ABSTRACT
Introduction
Glycometabolic rearrangements (aerobic glycolysis) is a hallmark of pancreatic ductal adenocarcinoma (PDAC) and contributes to tumorigenesis and progression through numerous mechanisms. The targeting of aerobic glycolysis is recognized as a potential therapeutic strategy which offers the possibility of improving treatment outcomes for PDAC patients.
Areas covered
In this review, the role of aerobic glycolysis and its regulatory networks in PDAC are discussed. The targeting of aerobic glycolysis in PDAC is examined, and its therapeutic potential is evaluated. The relevant literature published from 2001 to 2021 was searched in databases including PubMed, Scopus, and Embase.
Expert opinion
Regulatory networks of aerobic glycolysis in PDAC are based on key factors such as c-Myc, hypoxia-inducible factor 1α, the mammalian target of rapamycin pathway, and non-coding RNAs. Experimental evidence suggests that modulators or inhibitors of aerobic glycolysis promote therapeutic effects in preclinical tumor models. Nevertheless, successful clinical translation of drugs that target aerobic glycolysis in PDAC is an obstacle. Moreover, it is necessary to identify the potential targets for future interventions from regulatory networks to design efficacious and safer agents.
Article highlights
Enhancement of aerobic glycolysis in PDAC can promote tumor proliferation, invasion, metastasis, and therapy resistance.

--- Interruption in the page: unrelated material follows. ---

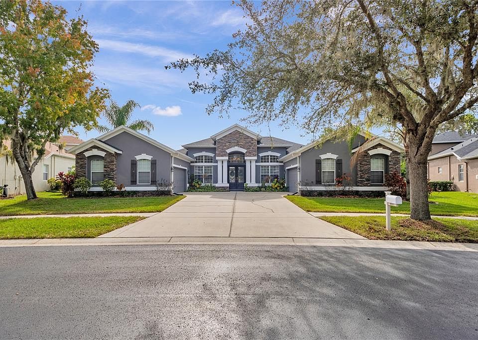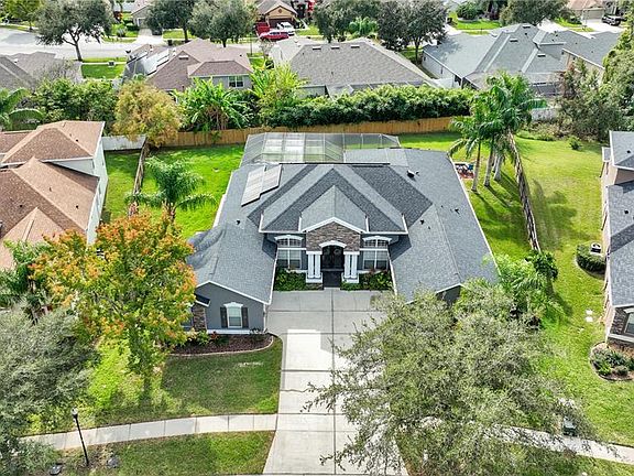 Welcome to an impeccable residence in the desirable, gated Diamond Hill community. Nestled within a section for enhanced privacy and larger homesites, this home sits on a generous 16,000+ sq ft lot and showcases thoughtful updates throughout. Meticulously maintained and tastefully refreshed by the current owners, the home welcomes you with a grand entry, spacious foyer, 10-foot ceilings, crown molding, and beautifully curated finishes. A rare 4-car garage provides exceptional storage, workshop possibilities, and everyday convenience, an elevated feature seldom found in any community. Designed for both comfort and function, the home offers 4 bedrooms, 3.5 bathrooms, an office, and nearly 3,000 sq ft of living space. The split-bedroom layout enhances privacy for both residents and guests, while the flexible formal dining room, currently styled as a bourbon room, adds character. Renovated bathrooms, updated flooring, fresh interior paint, shiplap accent walls, and tray ceilings blend cohesive design with everyday comfort. Energy efficiency is a hallmark of this property, highlighted by fully paid-off solar panels (2019) that contribute to stable electric costs, alongside major system upgrades including a new roof (2021) and new HVAC (2020). Indoor living transitions seamlessly to the outdoors, capturing the essence of Florida living. Enjoy a large, covered area, a spacious pool deck, and a sparkling pool and spa, all supported by new pool equipment and enclosed by a newer pool cage (2016). The fully fenced backyard provides additional privacy and versatility for day-to-day enjoyment. Diamond Hill offers an impressive amenity center overlooking the community’s golf course, complete with a pool, fitness center, basketball courts, playground, and clubhouse. Located approximately 30 minutes to Downtown Tampa, 20 minutes to shopping and dining in Brandon, and about one hour from major Central Florida attractions, this home delivers a balance of tranquility and convenience in one of Valrico’s most established gated communities.

The important factors in the glycolytic regulatory networks of PDAC include c-Myc, hypoxia-inducible factor 1α, the mammalian target of rapamycin pathway, and non-coding RNAs.
Preclinical studies targeting aerobic glycolysis have shown promising results in PDAC, indicating the potential role of these inhibitors as antineoplastic agents.
Clinical trials are required to follow up on the promising results from preclinical studies with inhibitors of key glycolytic enzymes.
Taking advantage of regulatory networks to identify other potential targets of future interventions will be a challenge.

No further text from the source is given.